Despite Soderberg’s strong game, the Bruins did miss Bergeron, and their deficit was doubled five minutes into the second. The Blackhawks red-hot top line picked up the goal with a high-speed attack. Brian Bickell followed his own rebound behind the net on the break, and he found Patrick Kane driving the net. Kane came on to the puck practically on top of Tuukka Rask and managed to elevate it for his second goal of the game.

Kane would spend the remainder of the game trying to complete the hat trick, but he had to do so mostly without the help of center Jonathan Toews. The Blackhawks captain, who succeeded Patrice Bergeron as this year’s Selke recipient, was bashed around throughout the game, and he spent the entire third period on the bench.

With the league’s two-best defensive forwards out of action, the third period opened up, with the Bruins earning the better chances. A killer start to the period from Claude Julien‘s club featured a pair of great looks for Nathan Horton, and a goal seemed imminent. That goal came 3:40 into the period off the stick of Zdeno Chara.

David Krejci fed the Bruins’ giant captain from behind the net, and Chara provided a trademark laser beam into the top right corner of the net. It was yet another Chicago concession on Corey Crawford’s glove side, but he had no hope of getting in front of the perfectly placed blast. Chara’s third goal of the postseason would be the only blemish on Crawford’s excellent outing.

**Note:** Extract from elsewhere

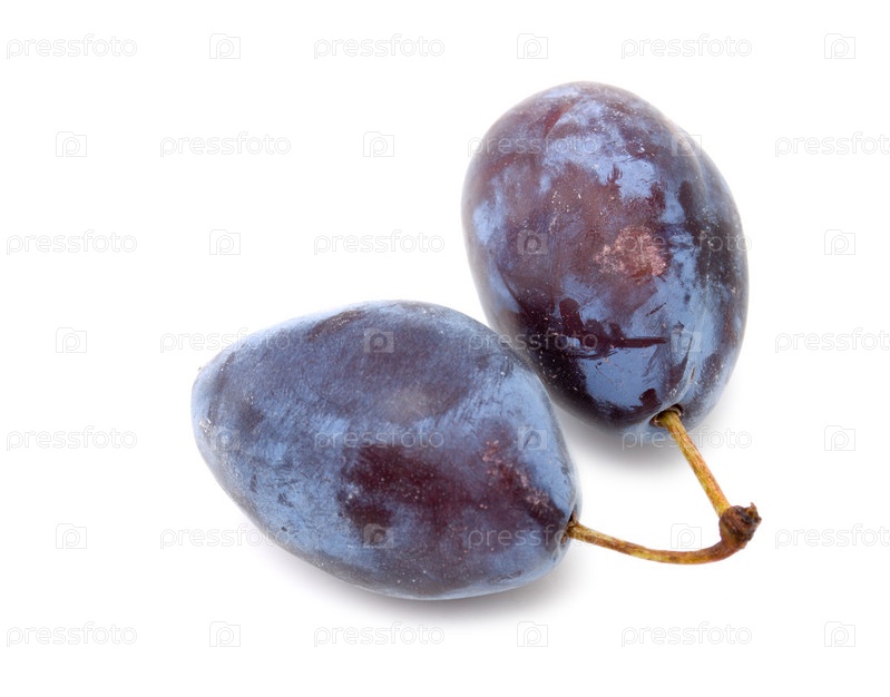 Две спелые сливы на белом фоне

The Bruins kept pressing throughout the period, occasionally leaving themselves vulnerable on the back end. Despite the breakdowns, Tuukka Rask’s 12 third period saves kept the Bruins in it down to the wire. In the final minutes, Boston’s best chance came from Jaromir Jagr who redirected a juicy rebound towards goal, but the seemingly cursed 41-year old missed the open net. With 58 shots on goal in the postseason, Jagr has still yet to score, but he came ever so close in Game 5.

As Jagr and company failed to light the lamp, the Blackhawks took advantage of some lax officiating to close out the game. In the final half-minute Michael Frolik clearly tripped Boston defenseman Torey Krug, who was attempting to keep the puck in the Chicago zone. As the whistle remained silent, Dave Bolland skated the puck into the neutral zone and pitched it into Boston’s vacant net from the red line to set the final score at 3-1.

It was another razor-edged struggle, in a series that deserves a full seven games. It seems tragic now that Patrice Bergeron and Jonathan Toews, the proverbial hearts of their respective teams, might be sidelined for the grand finale. If just one of the two skates in Game 6, it could prove to be the difference in the game if not the series.

Injuries are no rare occurrence in postseason hockey, and both Claude Julien and Joel Quenneville have enough experience plugging holes in their lineups to suggest that neither team intends to slow down.

For now the Blackhawks have the edge with their 3-2 series lead, but headed back to Boston they find themselves on the Hillary Step of hockey’s Mount Everest. Though they have nearly reached the summit, the most difficult part of the climb remains.

Two years ago the Boston Bruins found themselves down 3-2 in the Stanley Cup Finals, before tying the series at home and winning it all in Vancouver. As they may be for the remainder of this series, the 2011 Bruins were without the services of a clutch top-six forward. With Patrice Bergeron now playing the role of 2011’s Nathan Horton, the Bruins will hope to repeat the past.

The winner of Game 6 has gone on to hoist the Cup every year since 2008, so the stakes could hardly be higher for Tuesday’s battle in Beantown, and hockey fans everywhere will hope for a worthy end to what has so far been a classic series.